== ENTRIES SHOWN ==

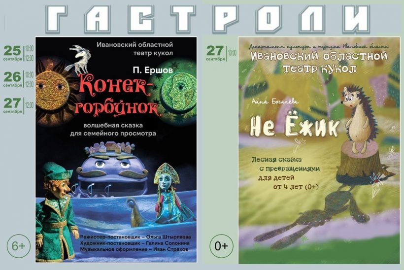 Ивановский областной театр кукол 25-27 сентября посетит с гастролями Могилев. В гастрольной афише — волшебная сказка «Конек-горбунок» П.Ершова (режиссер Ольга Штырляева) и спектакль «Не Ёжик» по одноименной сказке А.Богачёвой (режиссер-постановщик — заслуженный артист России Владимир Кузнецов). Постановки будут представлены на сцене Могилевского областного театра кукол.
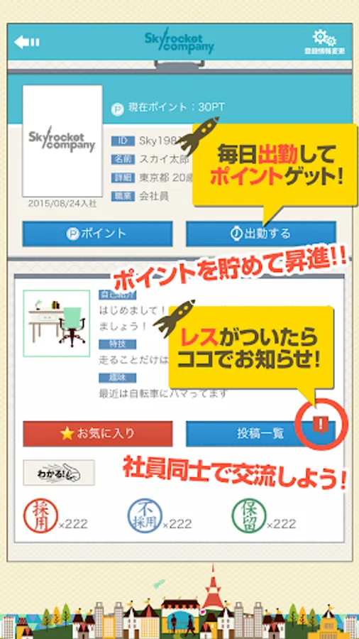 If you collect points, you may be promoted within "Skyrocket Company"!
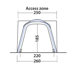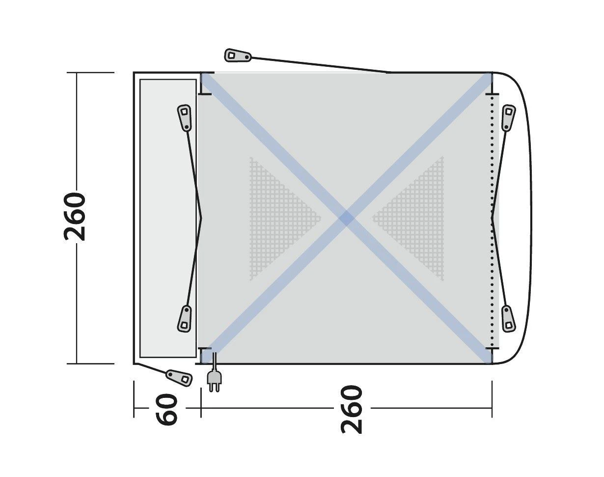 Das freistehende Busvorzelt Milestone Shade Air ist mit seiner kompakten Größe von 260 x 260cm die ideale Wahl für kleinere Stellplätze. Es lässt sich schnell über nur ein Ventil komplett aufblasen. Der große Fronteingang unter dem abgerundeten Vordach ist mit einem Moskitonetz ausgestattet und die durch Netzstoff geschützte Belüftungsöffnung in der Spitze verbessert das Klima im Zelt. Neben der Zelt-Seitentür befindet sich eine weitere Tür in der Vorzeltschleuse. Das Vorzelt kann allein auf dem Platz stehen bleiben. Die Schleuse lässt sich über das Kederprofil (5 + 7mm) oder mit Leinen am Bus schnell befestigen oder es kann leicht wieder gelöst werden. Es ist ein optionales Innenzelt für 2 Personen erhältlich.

===
== ENTRIES SHOWN ==

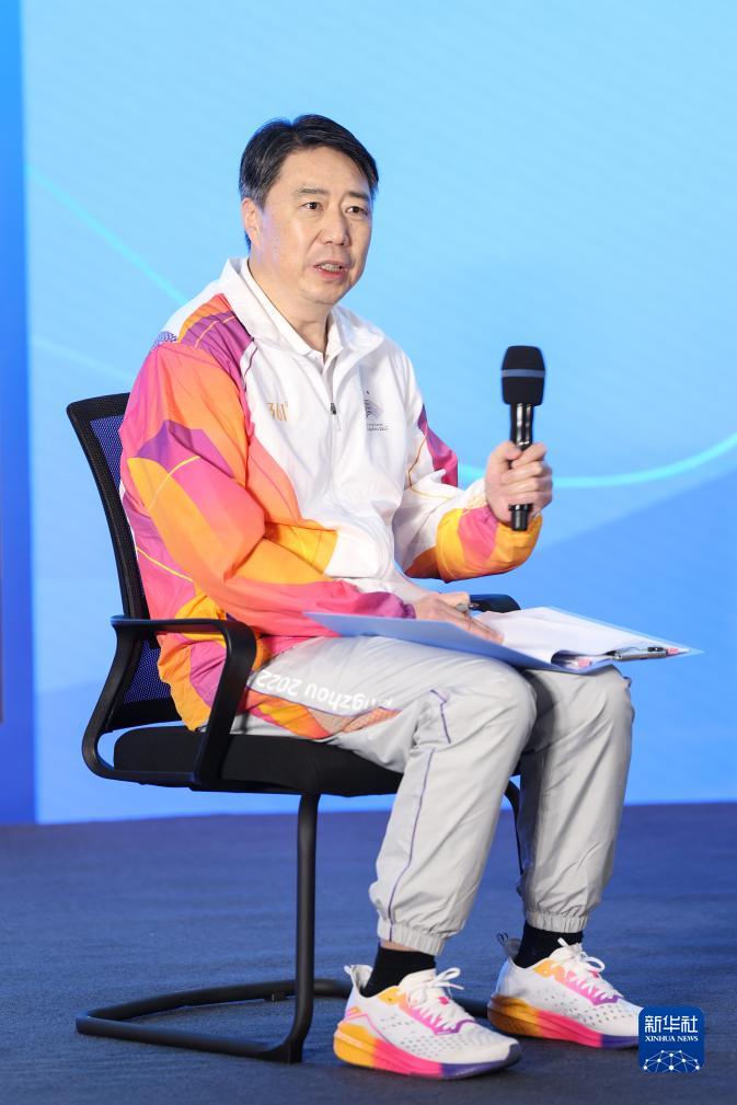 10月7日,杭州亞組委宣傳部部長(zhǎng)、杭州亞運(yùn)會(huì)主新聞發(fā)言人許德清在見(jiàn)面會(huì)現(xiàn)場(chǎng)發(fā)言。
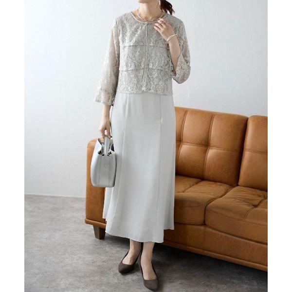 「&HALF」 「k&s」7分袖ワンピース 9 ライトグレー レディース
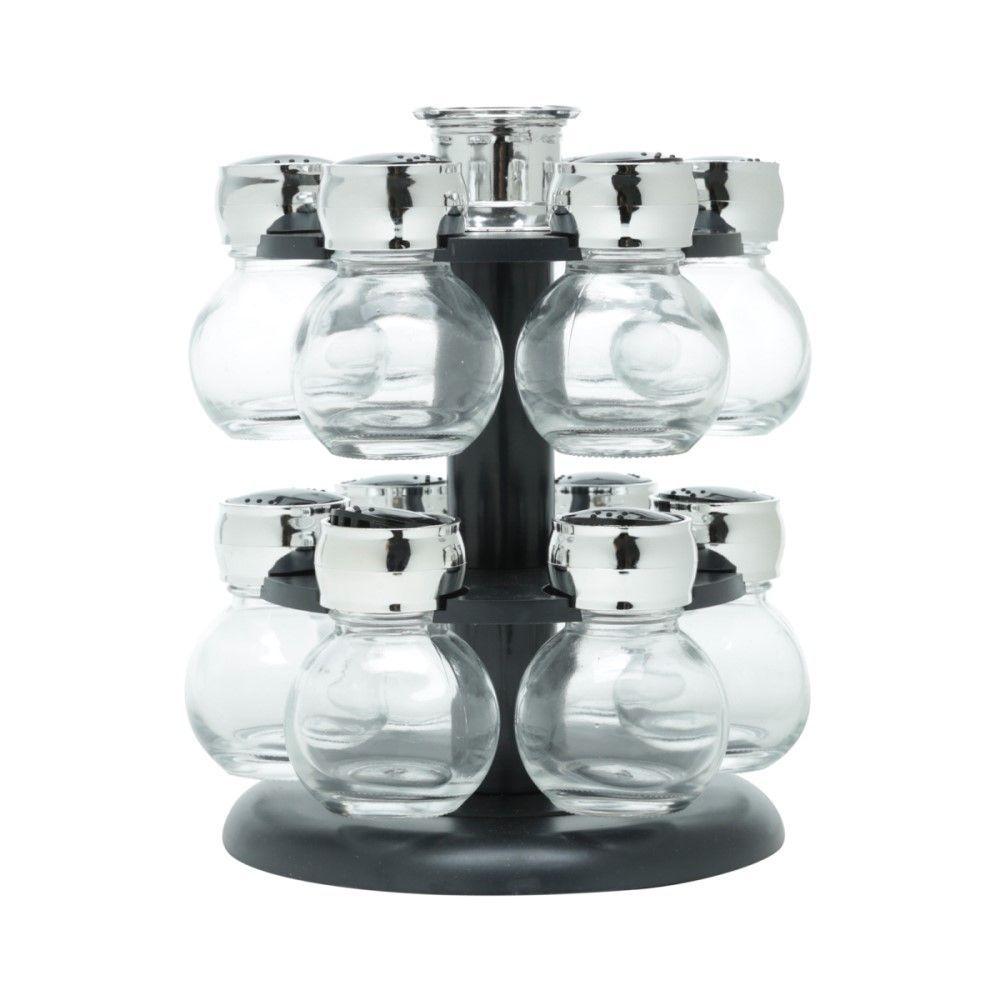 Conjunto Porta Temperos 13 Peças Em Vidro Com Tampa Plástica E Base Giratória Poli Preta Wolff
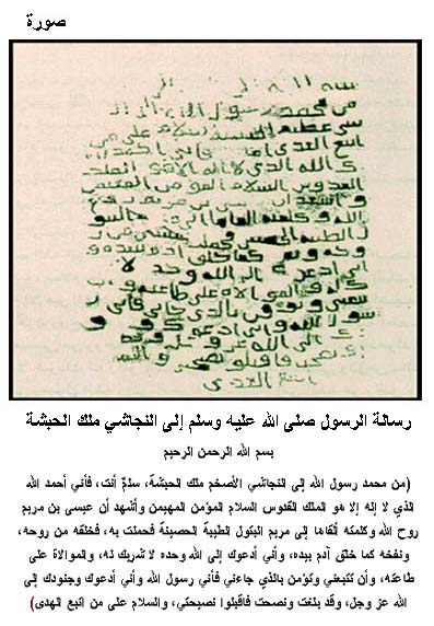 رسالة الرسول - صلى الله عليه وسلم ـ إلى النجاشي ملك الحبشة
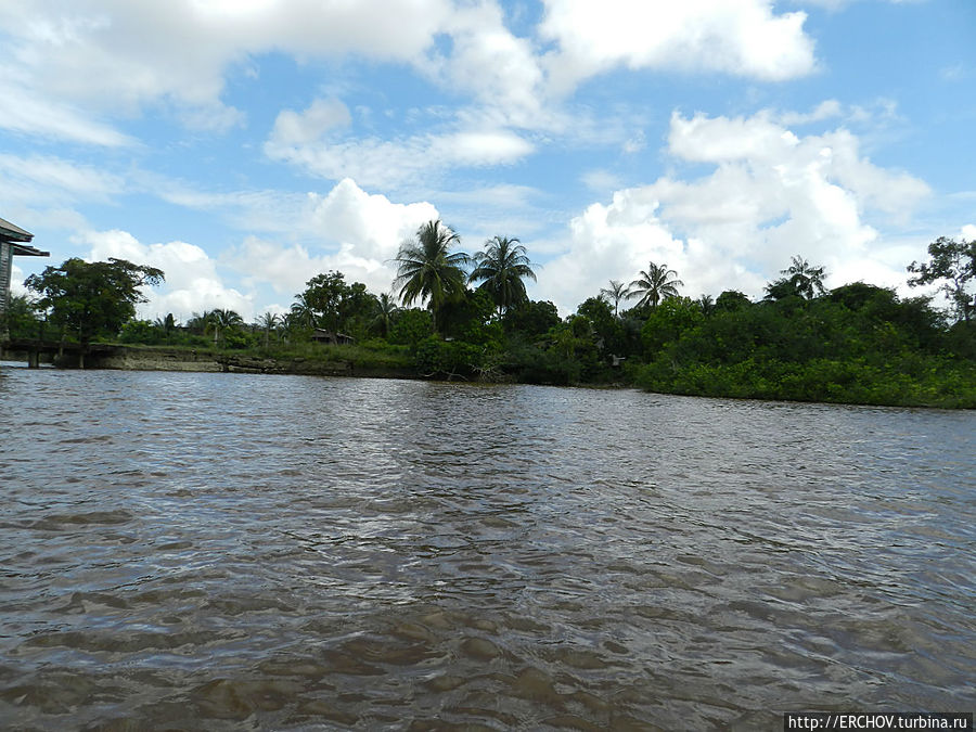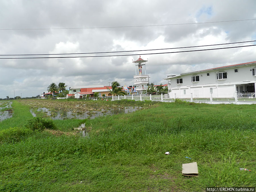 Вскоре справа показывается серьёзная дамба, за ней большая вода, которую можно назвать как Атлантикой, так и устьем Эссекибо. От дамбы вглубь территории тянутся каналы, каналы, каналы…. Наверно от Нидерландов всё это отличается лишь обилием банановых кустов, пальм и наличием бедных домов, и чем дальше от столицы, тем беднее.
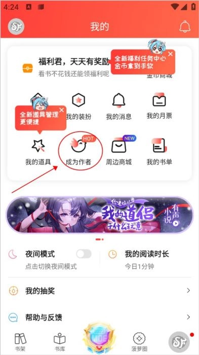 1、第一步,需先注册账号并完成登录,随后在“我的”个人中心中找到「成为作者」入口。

===

§ REQUIRED ACTION
Would you output the lines above from the line holding "Вскоре справа показывается" up to and including the line holding "1、第一步,需先注册账号并完", exactly and only those, with no pictures?

§ THE COMPLETED TASK
 Вскоре справа показывается серьёзная дамба, за ней большая вода, которую можно назвать как Атлантикой, так и устьем Эссекибо. От дамбы вглубь территории тянутся каналы, каналы, каналы…. Наверно от Нидерландов всё это отличается лишь обилием банановых кустов, пальм и наличием бедных домов, и чем дальше от столицы, тем беднее.
 1、第一步,需先注册账号并完成登录,随后在“我的”个人中心中找到「成为作者」入口。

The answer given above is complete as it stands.